How efficient is the k-medoids algorithm on large data sets?

A classic k-medoids partitioning algorithm like PAM works efficiently for small data sets but does not scale well for huge data sets. It can deal with higher data sets, a sampling-based method, known as CLARA (Clustering Large Applications), can be used.

The approach behind CLARA is as follows: If the sample is chosen in a fairly random manner, it must closely define the original data set. The representative objects (medoids) chosen will be similar to those that would have been selected from the entire data set. CLARA draws several samples of the data set, applies PAM on each sample, and returns its best clustering as the output.

The performance of CLARA is based on the sample size. It is observed that PAM searches for the best k medoids between a given data set, whereas CLARA searches for the best k medoids between the selected samples of the data set. A k-medoids type algorithm known as CLARANS (Clustering Large Applications depends upon RANdomized Search) was proposed. It can connect the sampling methods with PAM. While CLARA has a fixed sample at every stage of the search, CLARANS draws a sample with some randomness in every phase of the search.

The clustering procedure can be viewed as a search through a graph, where each node is a probable solution (a set of k medoids). Two nodes are neighbors (especially, linked by an arc in the graph) if their sets differ by only one object. Each node can be assigned a cost that is represented by the total dissimilarity between each object and the medoid of its cluster.

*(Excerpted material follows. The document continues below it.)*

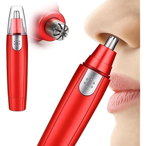 TEKCOOL 3-in-1 Nose, Ear & Eyebrow Hair Trimmer for Men & Women – Waterproof, Painless Facial Hair Remover with Dual-Edge Blades – Compact, Battery-Operated Grooming Tool (Red)
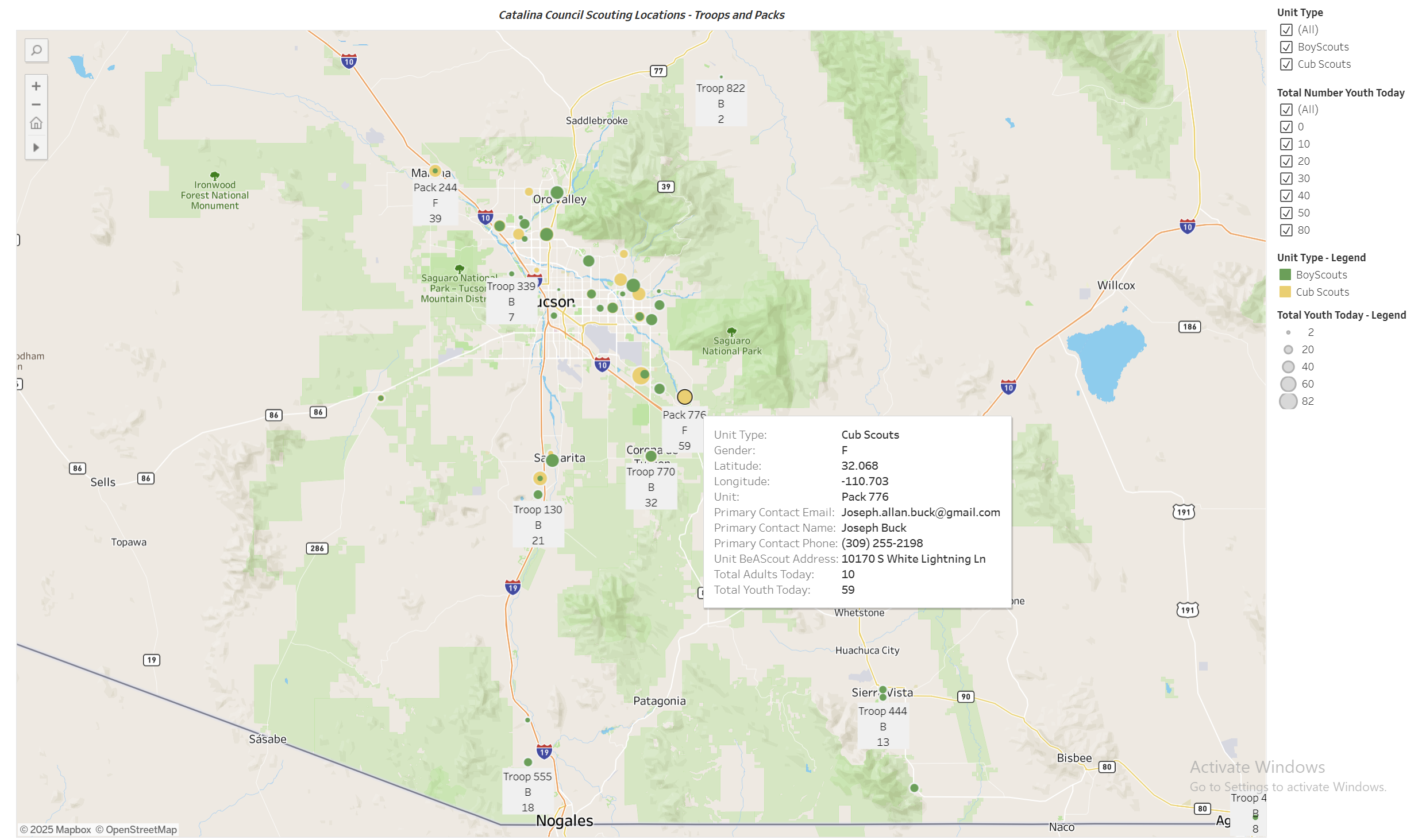 I was approached by the President of Catalina Council's board to use the information they had collected to visualize each BSA Troop's and Cub Scout Pack's locations, along with their relavent information. They used this information to try and help smaller troops/packs to collaborate with other troops/packs towards holding larger and more ambitious events for their kids.

At each step, PAM determines all of the neighbors of the latest node in its search for a minimum cost solution. The latest node is then replaced by the neighbor with the hugest descent in costs. Because CLARA operates on a sample of the whole data set, it determines fewer neighbors and restricts the search to subgraphs that are smaller than the initial graph.

CLARANS has been experimentally shown to be more efficient than both PAM and CLARA. It can be used to discover the most “natural” number of clusters using a silhouette coefficient a property of an object that defines how much the object truly applies to the cluster. CLARANS also allow the discovery of outliers.

The computational complexity of CLARANS is O(n2) where n is the number of objects. Moreover, its clustering quality is based on the sampling method used. The ability of CLARANS to manage with data objects that reside on disk can be moreover improved by focusing on methods that explore spatial data structures, including R*-trees.